I had a great conversation with an architect today.
I really like talking to all architects... They are always so informative... Our profession is regarded as a sort of long journey. There's this kind of mentorship that happens, and I'm really appreciative of that.
I feel bad, I feel like I need to be more appreciative of the efforts that my boss would give me.
Everyday I looked forward to going to work. I get burnt out quickly, things are sort of overwhelming, and I don't really understand what my boss wants a lot of time, but generally, everyday, I feel like I learned something new.
I've stopped trying to merge architecture and art. It's a lot easier when I think of them separately. I just wish in a lot of ways that I was younger, 10 years younger. Not that I regret my twenties at all, but I do wish I had found a more focused venue for my passion.
I feel like my life is so chaotic right now... I don't know where to go, who to see how to stand on my feet. This guy that I talked to today, the architect, knew exactly where I was in my life without me having to say anything.
Tuesday, August 12, 2008
Sunday, August 10, 2008
I'm done feeling bad... at least for now
I don't know what happened, but today I feel good.
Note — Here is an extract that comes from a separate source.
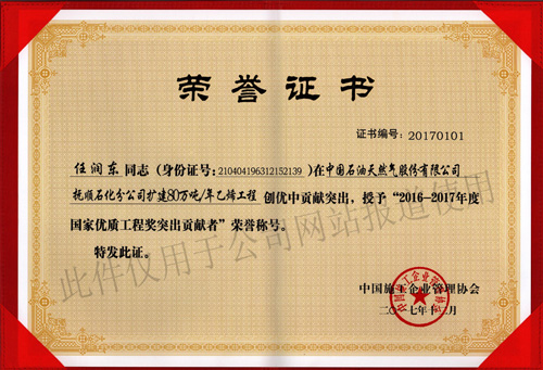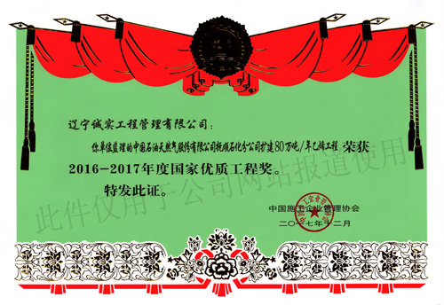 2017年11月10日,根據(jù)中施企協(xié)字【2017】66號文件——《關于表彰2016-2017年度國家優(yōu)質(zhì)工程獎的決定》公告,我單位所監(jiān)理的“中國石油天然氣股份有限公司撫順石化分公司擴建80萬噸/年乙烯工程”榮獲2016-2017年度國家優(yōu)質(zhì)工程獎,該項目總監(jiān)“任潤東”還獲得了“2016-2017年度第二批國家優(yōu)質(zhì)工程獎突出貢獻者”的榮譽稱號。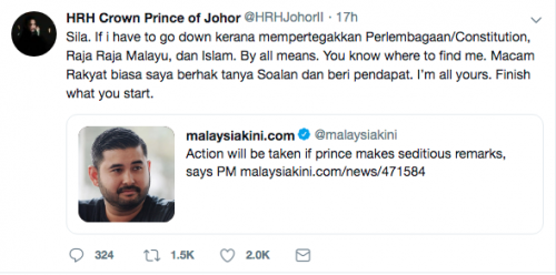所以马哈迪就说:“王储只是一名普通人,也是受到法律约束,因此若王储发表煽动性言论,我们会采取行动,他并非在法律之上。”

Ruchama was talking about how she had felt sooo bad all throughout Highschool for who she was... Sorry for not having big boobs, sorry for being too tall, sorry for being a nerd... sorry for all of that..
It's so silly. I don't know why she should feel so bad about herself. Especially because they are things that can't really change.
I feel like I'm still going through the same thing... feeling sorry for who I am. I'm sorry I'm not even tempered... I'm sorry I'm not quicker, I'm sorry I don't understand you, I'm sorry I'm not chipper, I'm sorry I'm not rich, I'm sorry I'm not relaxed, I'm sorry I'm slow, I'm sorry I make mistakes, blah blah blah.